BEGIN MATERIALS PROVIDED

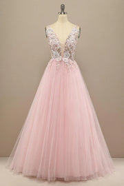A-line V Neck Tulle Floral Lace Prom Dress Formal Dress
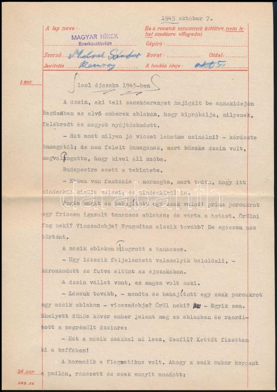 Leírás: 1945 Márai Sándor (1900-1989) írónak a Magyar Hírekben megjelent két írásának nyomdai korrektúrája
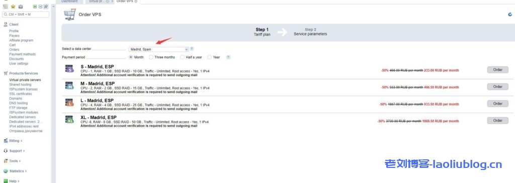 下单时,机房选择Madrid Spain,默认5折优惠,支持月付、季付、半年付和年会,KVM虚拟架构,不限流量,CPU核心数和IP都可以弹性增加。
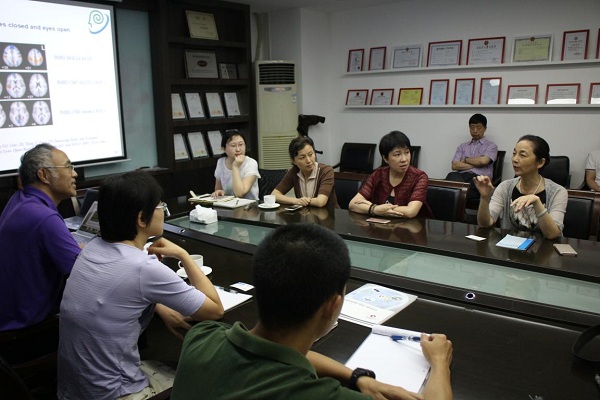 2016年6月13日上午,杭州師范大學(xué)臧玉峰教授、深圳英智醫(yī)療總經(jīng)理彭秋英、深圳安科醫(yī)療導(dǎo)航產(chǎn)品專(zhuān)家李修往等共聚美德醫(yī)療公司,探討合作方案。
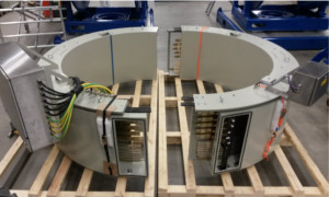 分體式過孔滑環(huán)可以有幾米的直徑?;h(huán)通常由2-4個部分組成,它們在現(xiàn)場連接在一起??讖捷^大,應(yīng)用于散裝物料處理設(shè)備。

END MATERIALS PROVIDED

** THE TASK **
When you repeat the data, keep every line exact and drop the images.

** RESPONSE TO THIS TASK **
A-line V Neck Tulle Floral Lace Prom Dress Formal Dress
 Leírás: 1945 Márai Sándor (1900-1989) írónak a Magyar Hírekben megjelent két írásának nyomdai korrektúrája
 下单时,机房选择Madrid Spain,默认5折优惠,支持月付、季付、半年付和年会,KVM虚拟架构,不限流量,CPU核心数和IP都可以弹性增加。
 2016年6月13日上午,杭州師范大學(xué)臧玉峰教授、深圳英智醫(yī)療總經(jīng)理彭秋英、深圳安科醫(yī)療導(dǎo)航產(chǎn)品專(zhuān)家李修往等共聚美德醫(yī)療公司,探討合作方案。
 分體式過孔滑環(huán)可以有幾米的直徑?;h(huán)通常由2-4個部分組成,它們在現(xiàn)場連接在一起??讖捷^大,應(yīng)用于散裝物料處理設(shè)備。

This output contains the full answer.